It is easy, if you have never been objectified, to discard the notion of objectification as one which exists as a particular make of victimhood. When you consider the publication of images of topless women in a newspaper to be little more than poor taste, it is a simple step to convince yourself that you could choose to be offended, or to merely spend your 40p elsewhere. You could choose to tape your two 20p coins to someone else’s copy and save a small fraction of a woman’s modesty, or put down a deposit on a first class stamp so that you could raise the issue with your MP. These are the consumer choices open to the man with a few silver coins in his pocket who is largely unaffected by such images.
As a man who is not Henry Cavill, I am almost never unwillingly objectified. It has happened so few times that each incident is unpleasantly memorable. The time a stranger’s hand found its way onto my upper thigh whilst I was sitting reading a novel at a bar, the time a group of older women conducted a conversation about my looks in front of me as I grinned and felt a little sick, these are rare moments when a man might gain a small insight into the sharp end of the unwanted attention women receive. This unwanted attention is documented compellingly in this video for the #shoutingback campaign.
We continue to struggle with a coherent answer to what a liberal society considers harmful and exploitative, when contrasted with healthy and robust arguments for a permissive approach to the celebration of the human form. One man’s compliment is another woman’s unwanted harassment. One commentator’s natural gravitas is a reader’s health warning. The outcome of our negotiations is unlikely to be dictated by the human frailties of the most scarred veterans of the intersectionality wars, nor by scholars of the Karl Lagerfeld school of indomitable arrogance. In conducting these negotiations men would do well to accept their relative lack of exposure to the downsides.

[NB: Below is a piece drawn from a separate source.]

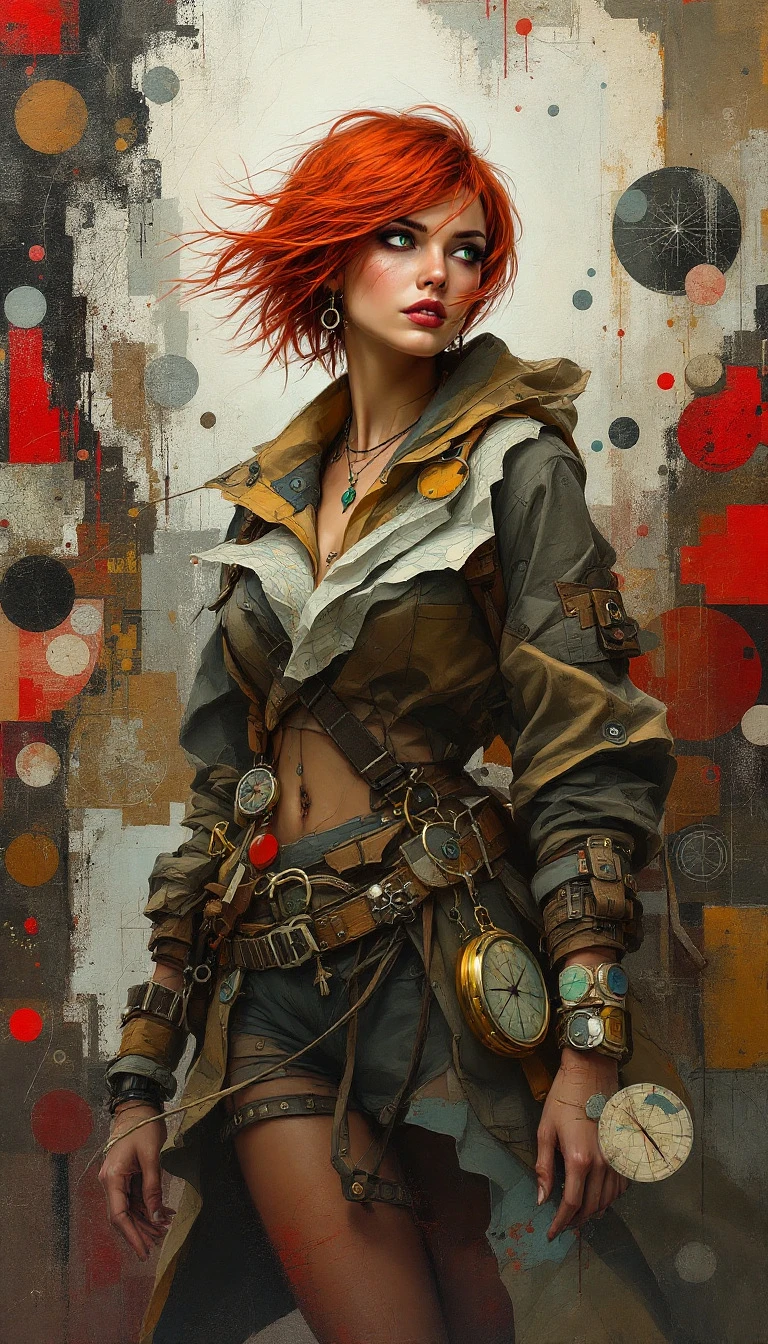 "Ruby Cartographer in a Shifting Realm": A dynamic abstract painting presents a cartographer, showcasing both skill and an adventurous spirit. She is a fearless explorer, depicted within a world where the landscape seems to twist and change, with a tanned complexion, short, vibrant ruby-red hair styled in a practical, windswept cut, and a layered outfit designed to withstand the elements. Maps, compasses, and navigational tools are woven into her clothing and are held in her hands. The artwork masterfully combines contemporary art with a figure study, creating a dynamic and intriguing scene with colors such as reds, browns, and grays. Her sharp, green eyes, the composition’s focal point, convey a keen intellect and a passion for discovery. After a long journey through uncharted lands, the cartographer embodies both resilience and a love for the unknown. The layered designs and shifting perspectives invite the viewer to explore the hidden stories within this vibrant painting.

Whatever the future holds, it had better not involve women publicly commenting upon my looks, or doing any of the sorts of things that men are now routinely doing to women. Only in such a fresh hell might men fully appreciate the force and purpose of campaigns like the one against the Sun’s page three. Watching women talk about their experiences for the #shoutingback campaign, it is impossible to ignore the disparity between my experience and those of women who have suffered the inhibiting attentions of men treating women as objects. Our own comparable experiences are disquieting, but infrequent. Until the verandah above the toyshop becomes next season’s sexiest physical feature, I and millions of others like me will remain immune to the problems caused by objectification. Call it a gut instinct, but I suspect this skews both male perception of the problems, and the debate itself.